49. A fusion protein comprising a membrane binding protein from the Sindbis-like plant virus family fused to an amino acid sequence of interest.

50. A fusion protein comprising a membrane binding protein from the Sindbis-like plant virus family containing a mutation in the "WFP" motif as depicted at amino acid position 365-367 of SEQ ID NO:2 fused to an amino acid sequence of interest.

51. The fusion protein of claim 49 or 50, wherein said fusion protein has increased stability in a plant cell compared to said amino acid sequence of interest in a plant cell of the same species.

52. The fusion protein of claim 49 or 50, wherein said fusion protein has decreased stability in a plant cell compared to said amino acid sequence of interest in a plant cell of the same species.

53. The fusion protein of claim 49 or 50, wherein the Sindbis-like plant virus is selected from the group consisting of alfalfa mosaic virus, brome mosaic virus, citrus leaf rugose virus, cucumber mosaic virus, sunn-hemp mosaic virus, tobacco mosaic virus, tobacco rattle virus, and turnip vein clearing virus.

54. A nucleic acid fragment encoding a fusion protein comprising a membrane binding protein from the Sindbis-like plant virus family fused to an amino acid sequence of interest.

55. A vector comprising a nucleic acid fragment encoding a fusion protein comprising a membrane binding protein from the Sindbis-like plant virus family fused to an amino acid sequence of interest.

56. A plant cell transformed with a vector comprising a nucleic acid fragment encoding a fusion protein comprising a membrane binding protein from the Sindbis-like plant virus family fused to an amino acid sequence of interest.

57. A plant generated from a plant cell transformed with a vector comprising a nucleic acid fragment encoding a fusion protein comprising a membrane binding protein from the Sindbis-like plant virus family fused to an amino acid sequence of interest.

58. The plant cell of claim 8, wherein nucleotides at positions 1096-1098 of SEQ ID NO:5 encode alanine or tyrosine.

59. The plant cell of claim 8, wherein nucleotides at positions 1096-1098 of SEQ ID NO:7 encode alanine or tyrosine.

60. The plant cell of claim 8, 58 or 59, wherein said vector is integrated into the genome of said plant cell.

61. The plant of claim 9, wherein nucleotides at positions 1096-1098 of SEQ ID NO:5 encode alanine or tyrosine.

62. The plant of claim 9, wherein nucleotides at positions 1096-1098 of SEQ ID NO:7 encode alanine or tyrosine.

63. The plant of claim 9, 61 or 62, wherein said vector is integrated into the genome of said plant cell.

64. The vector purified nucleic acid of claim 34, wherein said fusion protein has increased stability in a plant cell compared to said amino acid sequence of interest in a plant cell of the same species.
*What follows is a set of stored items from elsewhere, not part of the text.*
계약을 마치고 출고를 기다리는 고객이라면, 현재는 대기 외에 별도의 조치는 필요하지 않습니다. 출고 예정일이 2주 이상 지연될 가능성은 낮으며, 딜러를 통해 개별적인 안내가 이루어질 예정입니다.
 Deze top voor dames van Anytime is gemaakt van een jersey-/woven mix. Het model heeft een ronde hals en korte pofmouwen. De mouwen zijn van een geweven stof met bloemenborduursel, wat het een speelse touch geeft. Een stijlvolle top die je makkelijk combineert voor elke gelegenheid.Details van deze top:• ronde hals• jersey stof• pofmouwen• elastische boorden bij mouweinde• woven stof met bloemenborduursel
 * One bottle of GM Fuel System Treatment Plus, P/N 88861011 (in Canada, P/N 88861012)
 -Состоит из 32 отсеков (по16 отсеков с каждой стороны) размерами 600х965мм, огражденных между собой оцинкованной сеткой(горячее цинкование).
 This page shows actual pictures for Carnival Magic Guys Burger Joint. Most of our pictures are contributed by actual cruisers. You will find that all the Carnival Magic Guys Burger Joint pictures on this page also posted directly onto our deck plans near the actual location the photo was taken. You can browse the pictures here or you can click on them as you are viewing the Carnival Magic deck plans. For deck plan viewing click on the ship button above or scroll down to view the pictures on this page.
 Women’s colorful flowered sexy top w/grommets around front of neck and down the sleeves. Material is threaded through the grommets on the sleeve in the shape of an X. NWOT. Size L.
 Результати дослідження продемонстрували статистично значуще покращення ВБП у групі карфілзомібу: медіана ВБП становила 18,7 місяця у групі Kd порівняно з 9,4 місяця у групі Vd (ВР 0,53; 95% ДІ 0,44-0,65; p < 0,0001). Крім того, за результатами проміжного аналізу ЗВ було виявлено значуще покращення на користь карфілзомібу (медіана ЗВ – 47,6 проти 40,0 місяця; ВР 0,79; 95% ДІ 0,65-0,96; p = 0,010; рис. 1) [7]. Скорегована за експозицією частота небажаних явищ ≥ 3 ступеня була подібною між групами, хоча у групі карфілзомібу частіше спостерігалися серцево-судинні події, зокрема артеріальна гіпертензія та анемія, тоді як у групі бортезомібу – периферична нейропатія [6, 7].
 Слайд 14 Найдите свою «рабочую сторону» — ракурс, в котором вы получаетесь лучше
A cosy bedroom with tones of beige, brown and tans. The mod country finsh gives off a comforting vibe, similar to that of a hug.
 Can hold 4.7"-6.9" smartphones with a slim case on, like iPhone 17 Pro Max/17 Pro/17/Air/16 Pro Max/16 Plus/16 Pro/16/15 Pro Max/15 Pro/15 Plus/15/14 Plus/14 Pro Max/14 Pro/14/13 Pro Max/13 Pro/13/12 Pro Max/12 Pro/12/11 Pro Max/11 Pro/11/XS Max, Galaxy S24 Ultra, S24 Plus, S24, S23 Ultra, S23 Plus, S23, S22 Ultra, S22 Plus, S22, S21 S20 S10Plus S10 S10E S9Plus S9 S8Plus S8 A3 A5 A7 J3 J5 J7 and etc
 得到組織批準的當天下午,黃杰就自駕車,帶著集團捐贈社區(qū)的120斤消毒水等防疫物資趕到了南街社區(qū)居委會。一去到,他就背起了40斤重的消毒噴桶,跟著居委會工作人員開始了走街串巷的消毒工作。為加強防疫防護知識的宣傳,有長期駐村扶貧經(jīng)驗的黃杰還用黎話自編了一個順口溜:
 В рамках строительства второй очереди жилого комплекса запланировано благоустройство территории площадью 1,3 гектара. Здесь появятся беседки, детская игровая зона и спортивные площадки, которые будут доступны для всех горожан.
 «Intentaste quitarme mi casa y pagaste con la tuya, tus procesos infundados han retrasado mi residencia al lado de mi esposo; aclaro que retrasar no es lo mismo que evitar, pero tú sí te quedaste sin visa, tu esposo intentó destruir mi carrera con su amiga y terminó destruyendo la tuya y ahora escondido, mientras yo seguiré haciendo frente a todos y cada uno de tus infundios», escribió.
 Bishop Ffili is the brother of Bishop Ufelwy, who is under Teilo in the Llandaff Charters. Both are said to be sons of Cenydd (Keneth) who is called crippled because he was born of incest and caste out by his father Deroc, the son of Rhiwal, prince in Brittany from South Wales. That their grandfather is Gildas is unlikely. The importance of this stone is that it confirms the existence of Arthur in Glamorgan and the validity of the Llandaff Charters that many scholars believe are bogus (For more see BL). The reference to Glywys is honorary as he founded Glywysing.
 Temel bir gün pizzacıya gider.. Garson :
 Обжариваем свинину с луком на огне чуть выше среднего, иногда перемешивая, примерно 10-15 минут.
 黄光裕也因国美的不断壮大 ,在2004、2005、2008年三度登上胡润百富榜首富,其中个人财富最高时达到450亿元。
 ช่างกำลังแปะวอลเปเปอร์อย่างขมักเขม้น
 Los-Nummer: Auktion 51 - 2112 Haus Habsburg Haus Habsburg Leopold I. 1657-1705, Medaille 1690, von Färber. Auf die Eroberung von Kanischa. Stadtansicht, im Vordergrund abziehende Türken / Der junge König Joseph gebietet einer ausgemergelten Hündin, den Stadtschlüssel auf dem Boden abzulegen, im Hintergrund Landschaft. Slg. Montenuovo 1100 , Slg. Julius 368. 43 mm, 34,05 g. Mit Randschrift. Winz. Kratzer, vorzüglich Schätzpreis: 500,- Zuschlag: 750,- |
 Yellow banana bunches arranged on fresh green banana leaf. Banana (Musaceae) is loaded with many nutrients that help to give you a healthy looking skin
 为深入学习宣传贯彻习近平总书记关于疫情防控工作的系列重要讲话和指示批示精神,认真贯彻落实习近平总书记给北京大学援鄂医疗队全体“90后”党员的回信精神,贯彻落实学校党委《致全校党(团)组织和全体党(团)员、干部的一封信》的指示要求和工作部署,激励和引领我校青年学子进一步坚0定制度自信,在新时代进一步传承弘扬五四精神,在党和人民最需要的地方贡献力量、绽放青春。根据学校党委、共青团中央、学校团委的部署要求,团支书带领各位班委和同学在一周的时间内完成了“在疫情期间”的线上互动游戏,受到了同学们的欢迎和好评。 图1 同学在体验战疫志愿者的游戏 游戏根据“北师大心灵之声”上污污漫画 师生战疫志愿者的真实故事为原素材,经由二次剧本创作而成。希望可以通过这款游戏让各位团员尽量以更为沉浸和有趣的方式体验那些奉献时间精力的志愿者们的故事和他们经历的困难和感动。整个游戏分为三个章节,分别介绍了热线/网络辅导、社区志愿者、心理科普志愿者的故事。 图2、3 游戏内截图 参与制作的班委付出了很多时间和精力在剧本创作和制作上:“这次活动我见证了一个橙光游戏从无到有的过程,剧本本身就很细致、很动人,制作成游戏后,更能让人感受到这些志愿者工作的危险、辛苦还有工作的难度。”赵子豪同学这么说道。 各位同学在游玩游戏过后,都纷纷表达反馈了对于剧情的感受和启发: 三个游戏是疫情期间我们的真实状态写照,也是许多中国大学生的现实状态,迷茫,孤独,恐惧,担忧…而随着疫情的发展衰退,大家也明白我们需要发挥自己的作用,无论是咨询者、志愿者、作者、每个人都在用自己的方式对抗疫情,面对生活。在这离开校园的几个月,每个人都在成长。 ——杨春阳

65. A vector purified nucleic acid encoding a fusion protein comprising SEQ ID NO:4 fused to an amino acid sequence of interest.

66. The vector purified nucleic acid of claim 65, wherein said fusion protein has increased stability in a plant cell compared to said amino acid sequence of interest in a plant cell of the same species.

67. A vector purified nucleic acid encoding a fusion protein comprising SEQ ID NO:6 fused to an amino acid sequence of interest.

68. The vector purified nucleic acid of claim 67, wherein said fusion protein has increased stability in a plant cell compared to said amino acid sequence of interest in a plant cell of the same species.

69. The vector purified nucleic acid of claim 67, wherein said fusion protein has decreased stability in a plant cell compared to said amino acid sequence of interest in a plant cell of the same species.

70. The vector purified nucleic acid of claim 67 or 69, wherein the amino acid at position 366 of SEQ ID NO:6 is alanine or tyrosine.

71. A vector purified nucleic acid encoding a fusion protein comprising SEQ ID NO:8 fused to an amino acid sequence of interest.

72. The vector purified nucleic acid of claim 71, wherein said fusion protein has increased stability in a plant cell compared to said amino acid sequence of interest in a plant cell of the same species.

73. The vector purified nucleic acid of claim 71, wherein said fusion protein has decreased stability in a plant cell compared to said amino acid sequence of interest in a plant cell of the same species.

74. The vector purified nucleic acid of claim 71 or 73, wherein the amino acid at position 366 of SEQ ID NO:8 is alanine or tyrosine.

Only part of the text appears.